Viewed through the traditional shipowner lens of cyclical opportunities, such periods should be considered a welcome anomaly.
Return on equity over time in shipping is not great and, as every successful owner from Onassis to his natural heirs today know, there are long periods where shipping is not making any money.
The trick is to survive the fallow periods long enough, with enough of your capital intact, to ride the boom markets when they appear.
Real shipping money is made in times of crisis.
Onassis made most of his money based on three wars, particularly the Suez Canal closure in 1956 and 1967.
One of his natural heirs was in London on Thursday talking at a private meeting where he recounted how fantastically lucrative sanctions and US unpredictability have been to the Greek shipping market.
Shipping thrives on unpredictability, crisis, and luck.
But in that same meeting, experts from every corner of the global value chain warned that everything from technology to globalisation itself was changing around this business model.
The supply of crises to fuel these profitable cycles may be plentiful right now, but the global economic structures underpinning shipping’s ability to profit from them are not necessarily going to be there forever.
Globalisation’s earlier phase was designed and defined by scale and symmetry.

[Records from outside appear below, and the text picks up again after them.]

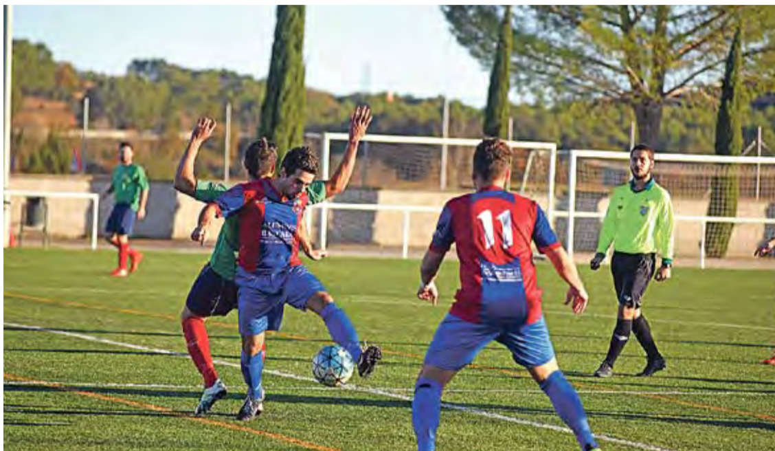
BÀSCARA. Els blaugrana, en una imatge d'arxiu, van perdre amb claredat a Agullana (5-1)

■ El Base Roses continua comandant la classificació del grup 15 de Tercera Catalana després de superar diumenge un rival directe a la part alta de la classificació, l'Empuriabrava-Castelló, per 2 a 0, en el marc d'un partit equilibrat que es va escliar al tram final amb dianes d'Hornos, de penal (85'), i de Plujà (89'). Els de Napo Cayuela continuen traient un punt d'avantatge respecte del Bisbalenc, que va superar el Llançà (3-0), però incrementa el coixí en relació amb el CFEC, que ja és de 6 punts, i al Bàscara, que es troba a 4 punts després de caure amb contundència contra un inspirant Agullana (5-1 i hat-trick de Torres).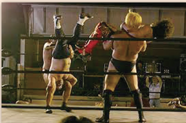
松ノ木地域交流納涼大会 (2008年7月19日)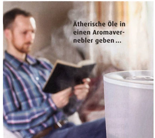
Ätherische Öle in einen Aromavernebler geben...

Möglichkeit 3: Die innerliche Einnahme von ätherischen Ölen – ein heikles Thema. Ätherische Öle sind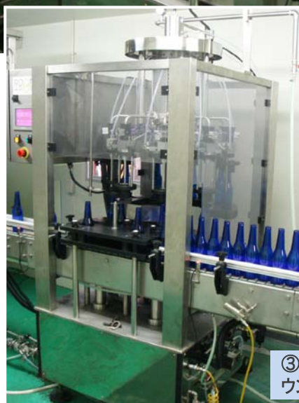
③ 9 ヘッド・ロータリー・カウンタープレッシャ充填機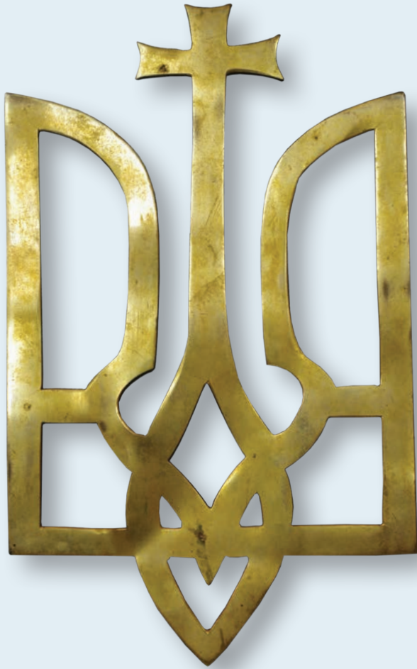
33. Металевий тризуб із хрестом на центральному зубі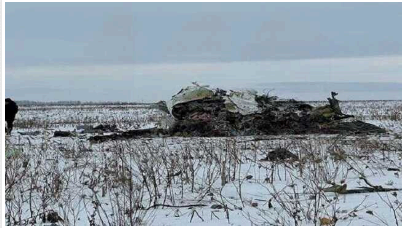
Що відомо про маршрут літака Іл-76, який розбився в Белгородській області: нещодавно був помічений поблизу Сирії

Російський військово-транспортний літак Іл-76, що розбився 24 січня на території Белгородської області, цього дня міг повернутися зі ще одного польоту. Імовірно, саме цей літак, згідно з даними системи Flightradar, днями було помічено поблизу Сирії.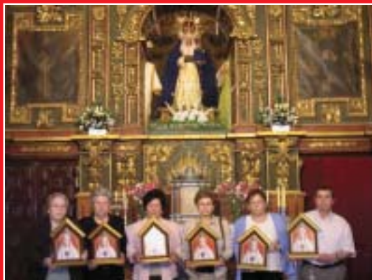
Baena ya tiene cincuenta oratorios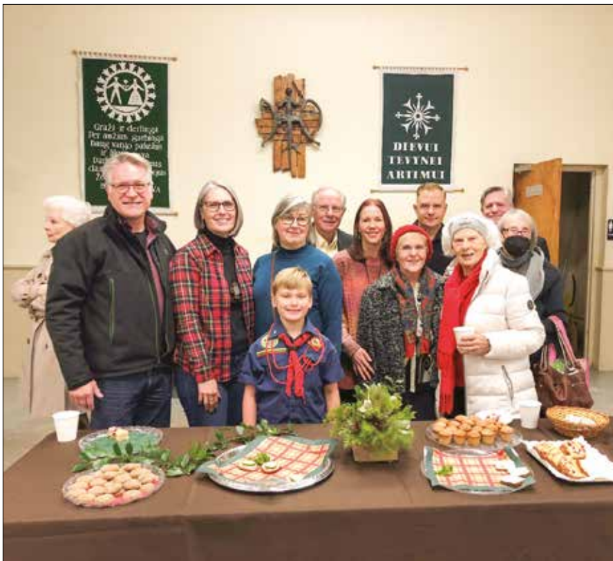
|| Dalis Hartfordo skautų ruošia kavutę bažnyčios parapijiečiams.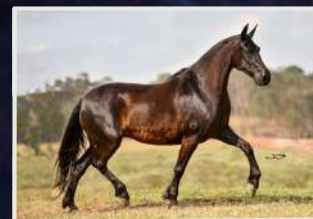
SUA MÃE, KASTANHOLA DO ZEL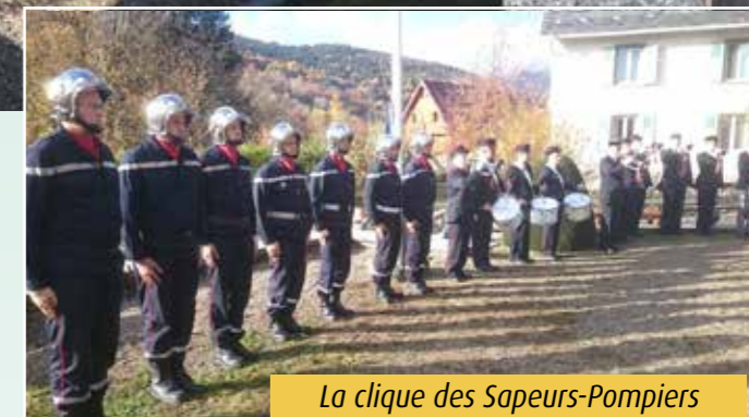
La clique des Sapeurs-Pompiers et le corps local des Sapeurs-Pompiers

Le 11 novembre 2018, Stosswihr comme toute la France a célébré le centenaire de l'Armistice de la Grande Guerre 1914-1918. Les habitants du village sont venus plus qu'à l'accoutumée pour assister à la cérémonie et rendre hommage aux « Morts pour la France ».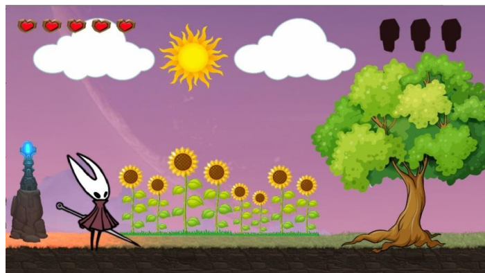
Figura 4: Imagem da 2ª fase do jogo didático digital Biocycle Adventure sobre o ciclo biogeoquímico do oxigênio.

A fase 2 trata do ciclo do oxigênio (Figura 4), mostrando elementos referentes a esse ciclo como respirações aeróbicas, fotossíntese e explicações no avanço do desafio, além de diversas estruturas criadas para cumprir o objetivo proposto pelo jogo, que é auxiliar no conteúdo de ciclos biogeoquímicos.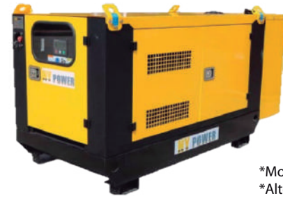
*Motor Lester *Alternador Stamford

Derateo por altitud : 2% por cada 300m para alturas mayores a 1000 msnm. Para altitudes mayores a 2450 msnm contacte un asesor de Ignacio Gómez IHM SAS. Derateo por Temperatura: 6% por cada 11 grados centigrados para temperaturas superiores a 35%.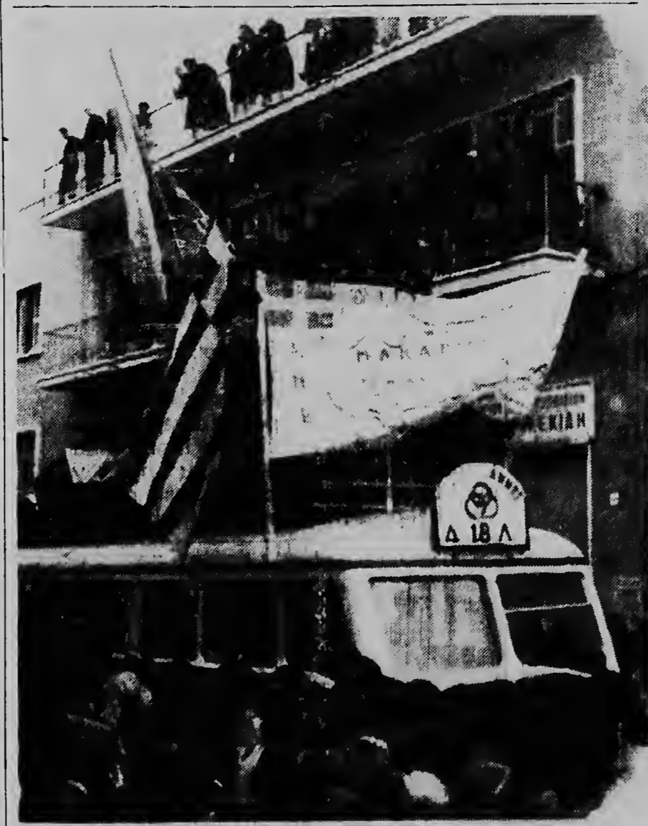
Ora cu a yega na Cyprus e noticia di e arreglan na Londen pa forma un Republica Cypriota, nan a cuminsa liberta e presonan na e isla. E tolototo aki ta duna un idea con un bus cu algun presonan cu a hanja nan libertad tabata corre door di e capital Nicosia baw di gritonan di alegria. Riba e bus tin bnderanan cu clogio skirbi ariba dedica na Mgr. Makarios.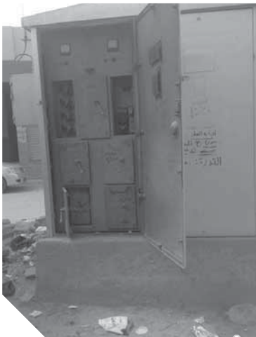
اكشاك الكهرباء مفتوحة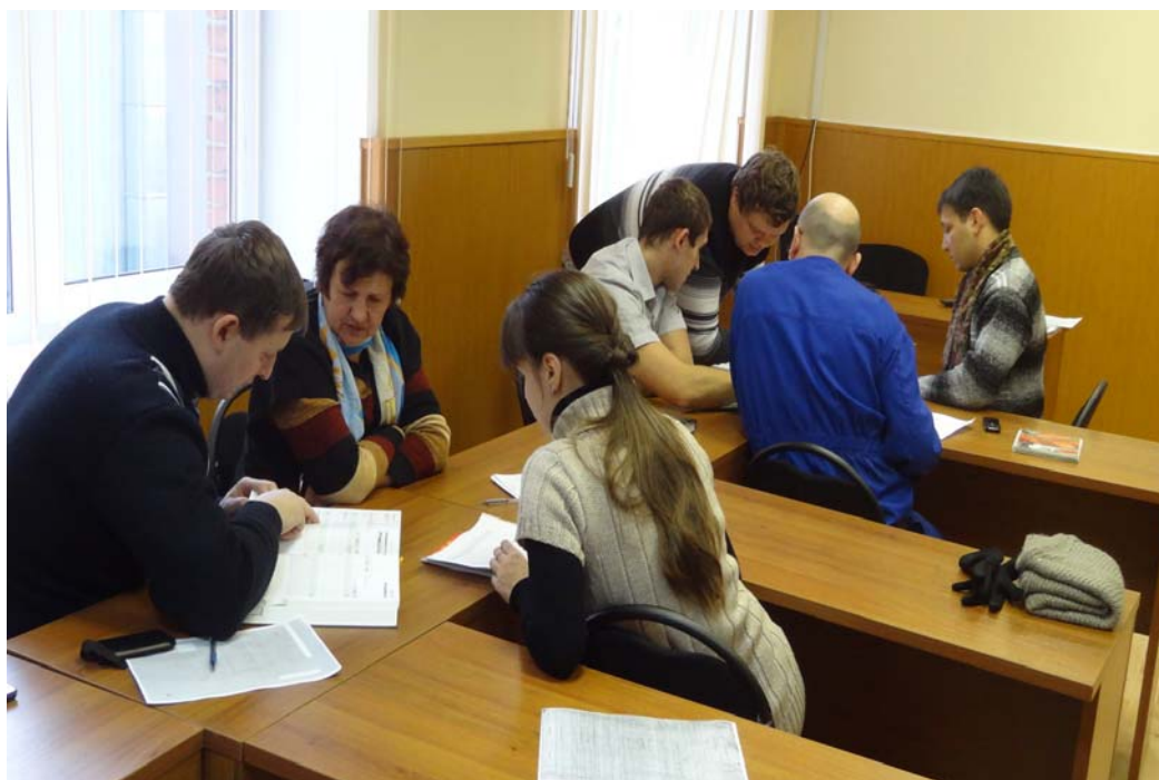
Семинар по высокоскоростным технологиям на базе современного инструмента с представителями механозаготовительного производства проводят специалисты фирмы «VALTER»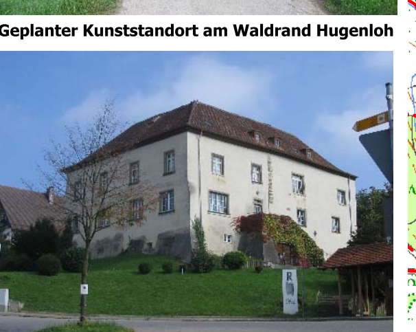
Geplanter Kunststandort am Waldrand Hugenloh Schloss in Efrizweiler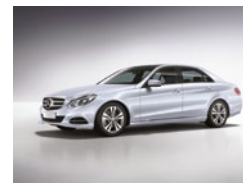
988 Plata Diamante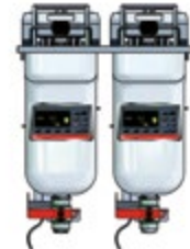
Vision Einbau 422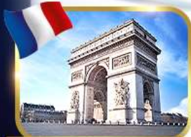
ประตูชัยอาร์กเดอทรียงฟ์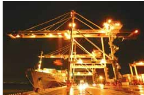
アイランドシティ国際コンテナターミナル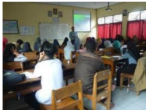
Gambar 2 dokumentasi 1, kegiatan sosialisasi dan pelatihan

Dengan pengelolaan sampah disekeliling kita, dalam hal ini adalah lingkungan sekolah MAN Karangasem, setidaknya ingin berkontribusi untuk dapat mengurangi emisi gas rumah kaca. Berawal dari sekolah, kemudian dikembangkan dilingkungan sekitar, dan dirumah masing-masing, maka hal tersebut akan menjadi kegiatan yang positif dan membuat lingkungan di sekitar kita menjadi lebih sehat. Sampah-sampah yang ada disekitar, kita pilah kembali. Sampah organik bisa kita manfaatkan untuk membuat kompos, dan dimanfaatkan kembali untuk alam sekitar kita. Berikut beberapa dokumentasi kegiatan sosialisasi dan pelatihan pembuatan kompos dari sampah di MAN Karangasem.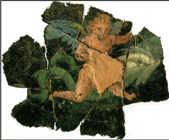
Doc 1 Peinture murale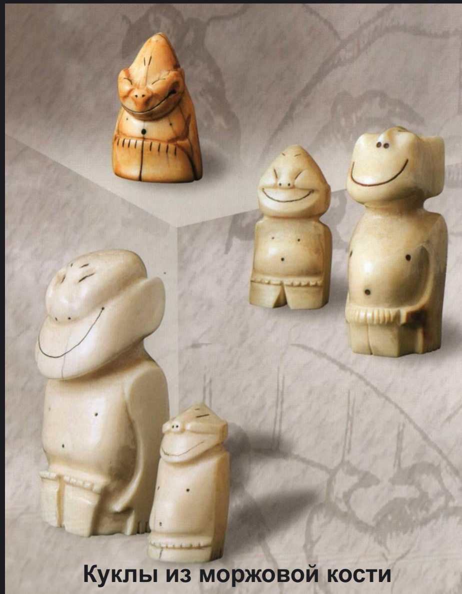
Куклы из моржовой кости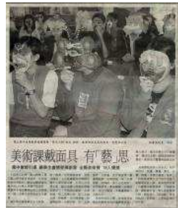
圖 66-美術課戴面具有藝思-聯合報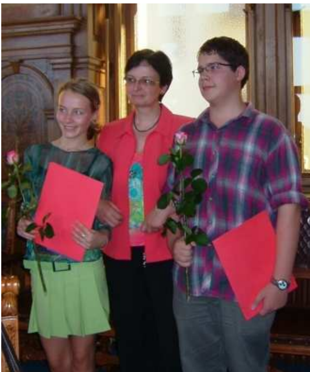
Ocenění nejlepších žáků a studentů Stipendijním nadačním fondem města Kolína

Již desátým rokem pracuje více než desítka dobrovolníků na tvorbě školního časopisu. Žáci se učí pracovat s vlastním textem, s grafikou, počítačovými programy. Domlouvají se na obsahu, neboť ten je stále tím hlavním, proč je o časopis zájem mezi dětmi ba i mezi jejich rodiči.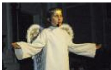
Der Engel verkündet den Hirten die frohe Botschaft.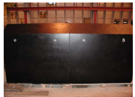
Probemontage im Werk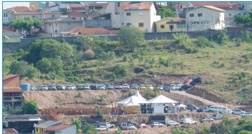
Sociedade São Vicente de Paulo agora tem um local adequado para os seus leilões

nua interdita, prejudicando o tráfego de veículos e os moradores. Os moradores temem que a situação se agrave com a aproximação de mais um período chuvoso.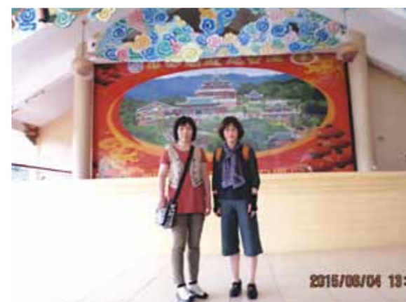
ありがとうございました!待望のパラセーリングやシーウォーカーにも挑戦!大好きなマンゴーを毎日食し、欲しかったお土産を買うことも出来ました!

「セブにはいつ行けるの?」一緒に行く方々との日程調整が何度かされて、ようやく6月に決まり、この日を心待ちにしていました。コーラルポイントリゾートに到着したのは夜でした。可愛いメイドさん達が、素敵な笑顔で出迎えてくれました。JWBホテル見学では、日本人学生に出会いました。語学留学終了後は、英語や留学の経験を活かす職業に就きたいと力強く話していました。カモテス島は、少し遠かったのですが、とても綺麗なところでした。帰りにはイルカの群れを見る事ができました。バディアンでは、カワサン滝に打たれて来ました。狭くてデコボコした道を走るバイクに恐怖を感じながら走ったり、打ち砕かれそうな滝の強さに耐え頑張りました。待望のパラセーリングやシーウォーカーも初めての体験でした。最後の夜のパーティーはとても楽しく、お腹の皮がよじれる程笑いました。お祭りには欠かせないという「子豚の丸焼き」がテーブルに並んでいるのには驚きました。セブ旅行では、4つのリゾート施設を見たり利用させて頂きました。大好きなマンゴーを毎日食したことや、欲しかったお土産を買うことも出来ました。そして、何よりもお世話して下さったセブのスタッフの方々に心から感謝します。ありがとうございました!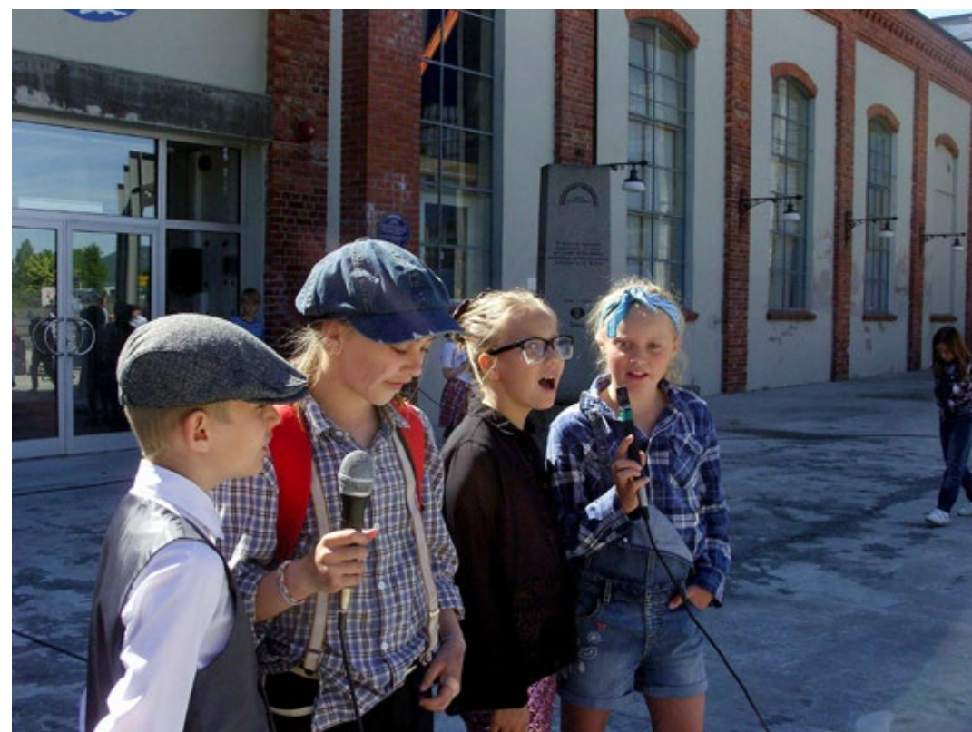
Også i Notodden kommune har det vært samarbeid med DKS om verdensarven. Her fra et musikkprosjekt i Hydroparken Notodden for 4.klasse.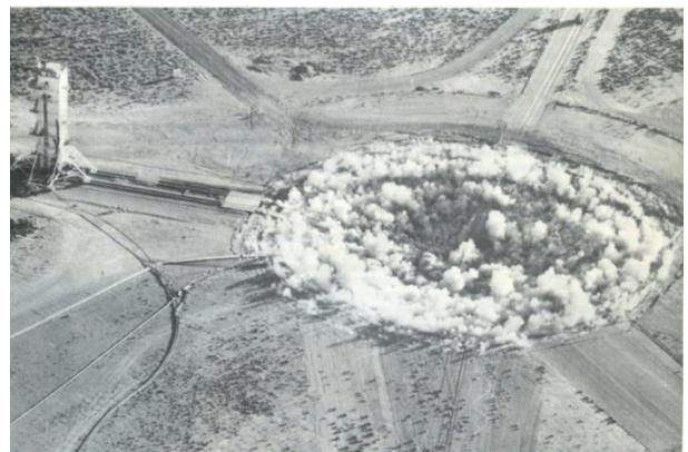
Een minuut na een ondergrondse kernproefexplosie in de Nevadawoestijn

Door zijn aanwezigheid ziet Dirk Jan ook een mogelijkheid om al die vele al dan niet christelijke basisbewegingen van Noord-, Midden- en Zuid-Amerika te ondersteunen en samen met hen het Noord-Zuidvraagstuk aan de orde te stellen. Bij dat Noorden denkt hij niet alleen aan het kapitaal en het bedrijfsleven van de VS, maar evengoed aan die van Europa, die zich op een koloniale manier blijven gedragen. 'Als door onze onderneming naast mijzelf ook een aantal mensen in het Noorden over hun houding ten aanzien van het Zuiden gaat nadenken, dan is voor mij de EPP '92 geslaagd.'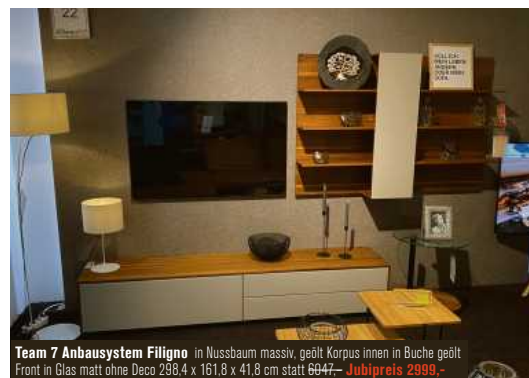
Team 7 Anbausystem Filigno in Nussbaum massiv, geölt Korpus Innen in Buche geölt Front in Glas matt ohne Deco 298,4 x 161,8 x 41,8 cm statt 6947,- Jubipreis 2999,-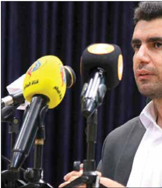
سرپرست معاونت برنامه ریزی و توسعه منابع وزارت آموزش و پرورش با بیان اینکه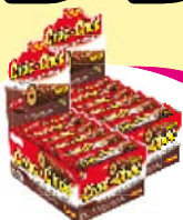
Jazam croc choc. chocolate 384g Cada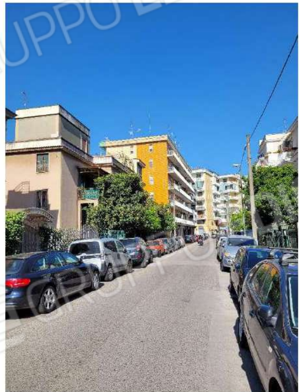
Vista Carlo de Marco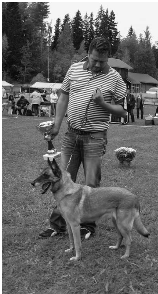
Pohjois-Hämeen Kennelpiirin palkinto, näyttelyn vanhimmalle koiralle.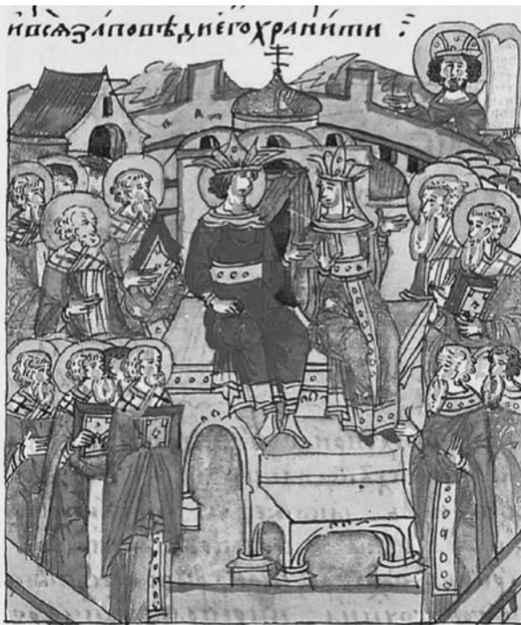
Zweites Konzil von Nicäa (mit Konstantin VI und Kaiserin Irene). Detail aus der Illustrierten Chronik Ivan des Schrecklichen (16. Jhd.)

Die altkatholische Kirche, geprägt von einer offenen Haltung und einem starken persönlichen Engagement, sieht die Synode selbst, aber auch die Periode davor als eine Zeit des Wachstums und der Begegnung. Durch die Auseinandersetzung mit den einzelnen Anträgen und Initiativen können alle altkatholischen Gemeinden miteinander in Dialog treten bzw. diesen vertiefen. Denn eine Synode bietet als ein zentrales Element unserer Kirche allen, die daran aktiv oder passiv teilnehmen, die Möglichkeit, gemeinsam über wichtige Fragen zu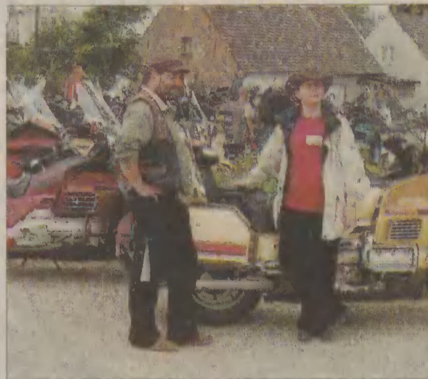
Nie można też było nie zauważyć wspaniałej parady motocyklistów z klubu Gold Wing Club of Poland.

One set of rules for all. One currency system to clear transactions. One consensus on the value of integration.
A containership leaving Shenzhen, could be virtually certain that its containers would pass smoothly to their final destination in any port, in any country.
Now, though, supply routes are mapped not only for distance and cost, but for political alignment.
They are increasingly contingent on security of passage and the shifting sands of sanctions regimes that may be profitable while they are in flux, but what happens if a more fractured global economy becomes the established norm?
Trade volumes have not collapsed in this new phase of globalisation. They have plateaued and re-routed.
Supply chains have not vanished, they have shortened, duplicated and hedged.
Capital has not gone home, but it has become more selective and more politically conditioned.
Meanwhile, data has become the new oil, the core commodity of the economy going forward.
Right now, the regular flow of crises are proving reliably profitable, and the Onassis model of cyclical survival holds firm. But how shipping’s traditional business models navigate this next phase of globalisation is far from clear.